In physics, rotatum is the derivative of torque with respect to time. Expressed as an equation, rotatum Ρ is:

${\displaystyle \overrightarrow{P}=\frac{d\overrightarrow{\tau }}{dt}}$

where τ is torque and ${\displaystyle \frac{\mathrm{d}}{\mathrm{d}t}}$ is the derivative with respect to time ${\displaystyle t}$.

The term rotatum is not universally recognized but is commonly used. This word is derived from the Latin word rotātus meaning to rotate. ^{[citation needed]} The units of rotatum are force times distance per time, or equivalently, mass times length squared per time cubed; in the SI unit system this is kilogram metre squared per second cubed (kg·m²/s³), or Newtons times meter per second (N·m/s).

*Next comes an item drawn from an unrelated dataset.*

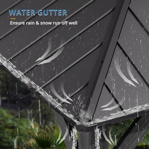 Large Space Pavilion: Measures 12' L X 14' W X 10' H; accommodates dining sets for over ten people or conversation sets for six to ten people; versatile for various occasions, backyards, awns, poolside and decks; suitable for outdoor barbecues and parties

Newton's second law for angular motion says that:

${\displaystyle \mathit{\tau }=\frac{\mathrm{d}\mathbf{𝐋}}{\mathrm{d}t}}$

where L is angular momentum, so if we combine the above two equations:

${\displaystyle \mathrm{P}=\frac{\mathrm{d}\mathit{\tau }}{\mathrm{d}t}=\frac{\mathrm{d}}{\mathrm{d}t}\left(\frac{\mathrm{d}\mathbf{𝐋}}{\mathrm{d}t}\right)=\frac{{\mathrm{d}}^2\mathbf{𝐋}}{\mathrm{d}{t}^2}=\frac{{\mathrm{d}}^2(I\cdot \mathit{\omega })}{\mathrm{d}{t}^2}}$

where ${\displaystyle I}$ is moment of Inertia and ${\displaystyle \omega }$ is angular velocity. If the moment of inertia is not changing over time (i.e. it is constant), then:

${\displaystyle \mathrm{P}=I\frac{{\mathrm{d}}^2\omega }{\mathrm{d}{t}^2}}$

which can also be written as:

${\displaystyle \mathrm{P}=I\zeta }$

where ${\displaystyle \zeta }$ is angular jerk.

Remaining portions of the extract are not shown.